Over the next few weeks, allmediascotland.com is to publish, each weekday, edited extracts from the memoirs of Scottish war correspondent, Paul Harris. ‘More thrills than skills: A half-life in journalism’, is being scheduled for publication next year.
I CAME to adjust my feelings about Sri Lanka after I went there in November 2001 with fond notions of maybe settling down in the Indian Ocean ‘paradise’.
‘Paradise’ is a much over-used word. British travel writers apply it to anywhere with an ambient temperature of more than 20 degrees and a couple of palm trees. I even titled my own book of photographs of Sri Lanka, Fractured Paradise.
It was published a few months before I arrived in Colombo, full of positive feelings about the country.
After the launch of Fractured Paradise, at the Galle Face Hotel, I was taken to dinner by the chair of the English language crusading newspaper, The Sunday Leader.
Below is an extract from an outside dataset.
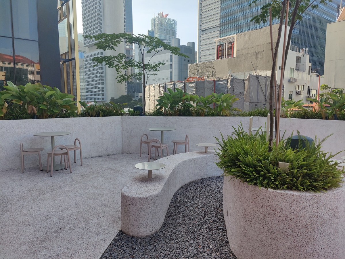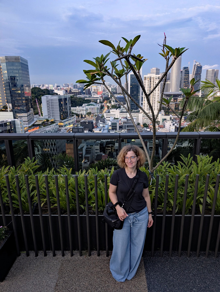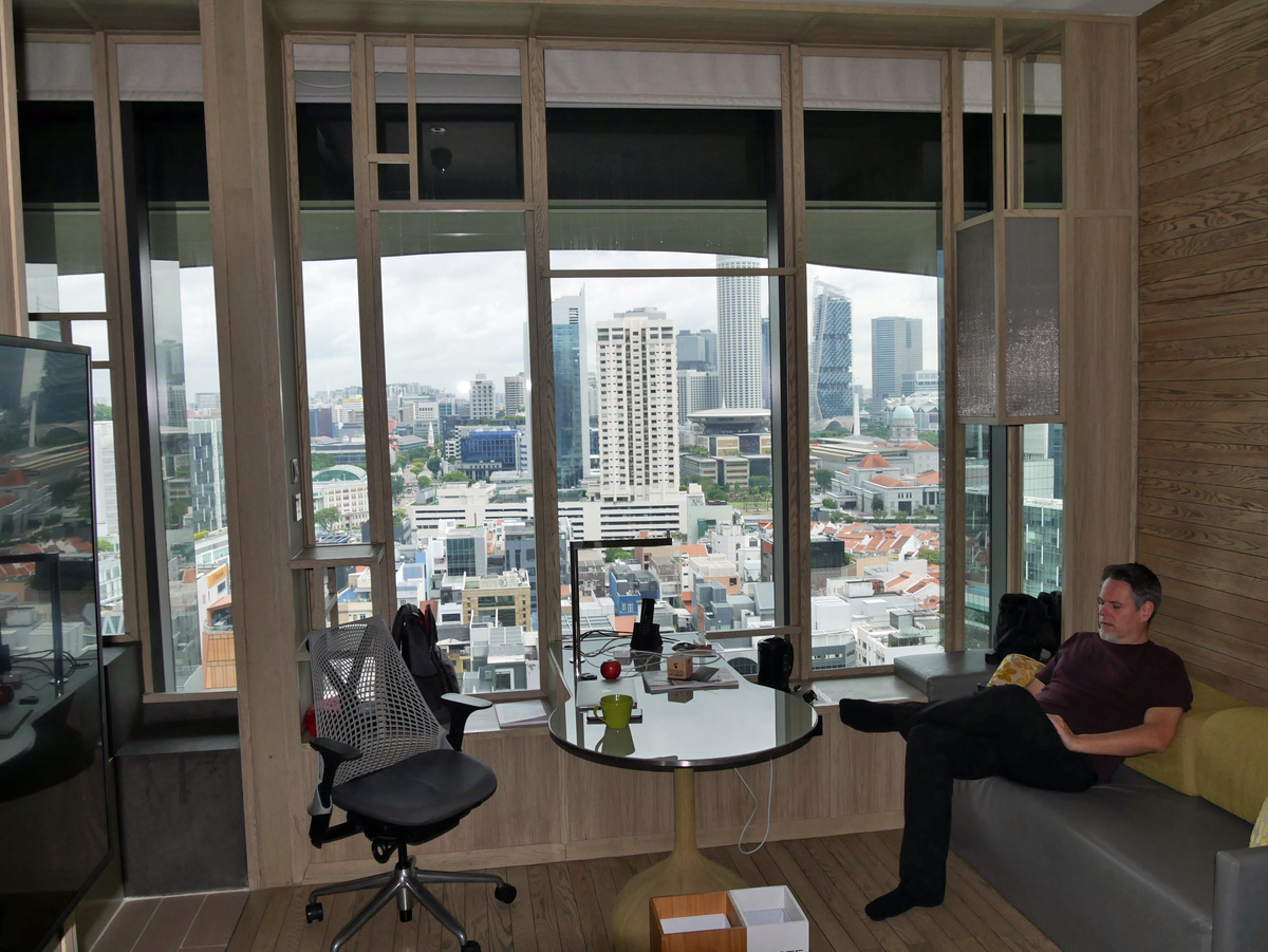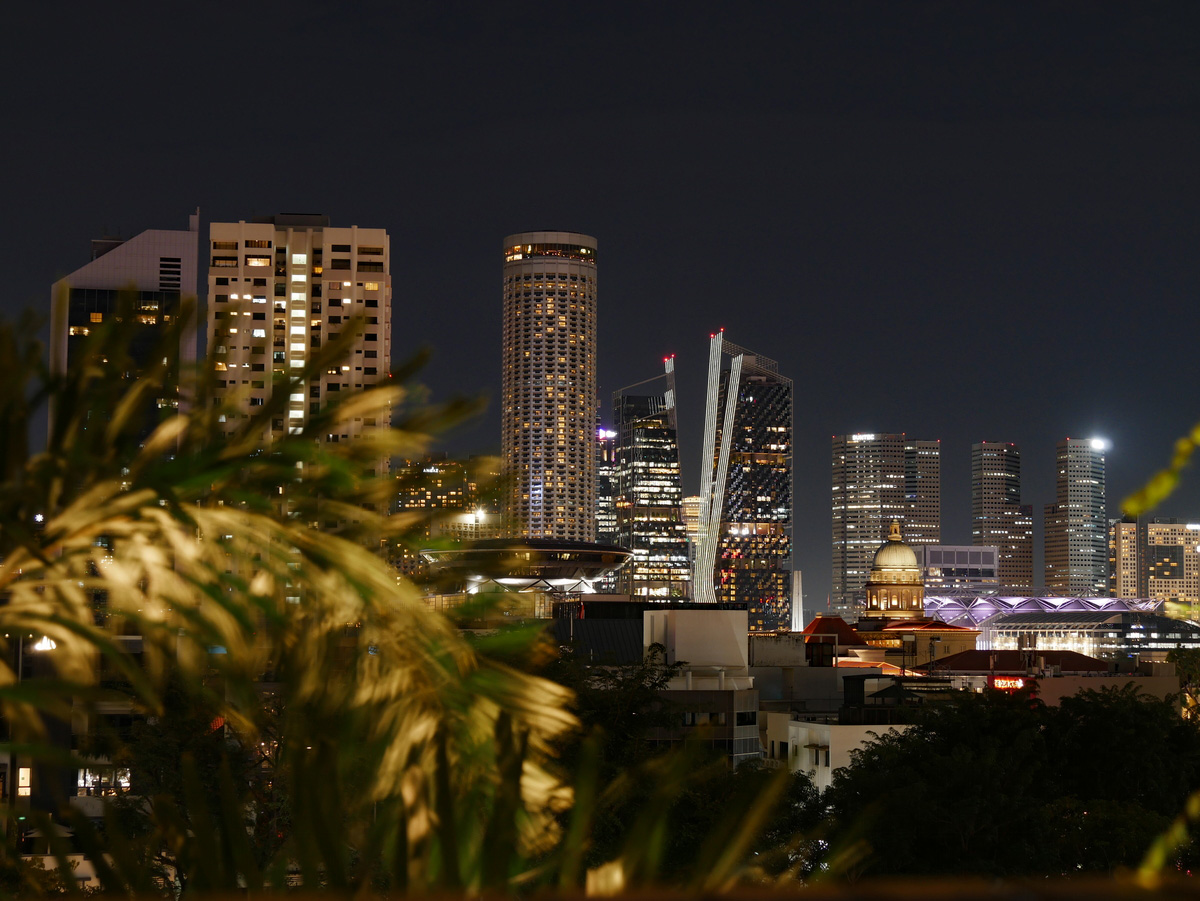 Der Blick aus dem 16. Stock auf das sich im Rekordtempo in Dunkelheit hüllende Singapur ist schlicht fantastisch. Besonders eindrucksvoll ist, wie die Skyline innerhalb weniger Minuten in ein funkelndes Lichtermeer verwandelt wird. Auf derselben Etage befindet sich zudem ein kleiner Dachgarten, in dem Kräuter und verschiedene Chili-Pflanzen gedeihen – ein charmantes Detail, das die urbane Atmosphäre mit einem Hauch Natur verbindet.

Lal Wickremetunge asked me if I would come and edit his paper as it looked as though the editor, his brother, would have to leave the country by the end of the year after intimidation by the then People’s Alliance (PA) government.
The job offer, however, soon enough fell through, after a general election delivered a new party in power: the United National Party.
It wasn’t a problem. I was remarkably content to be settled in the fading colonial splendour of the Galle Face Hotel, Colombo, as correspondent for The Daily Telegraph and Jane’s Intelligence Review, and writing a book on the hotel.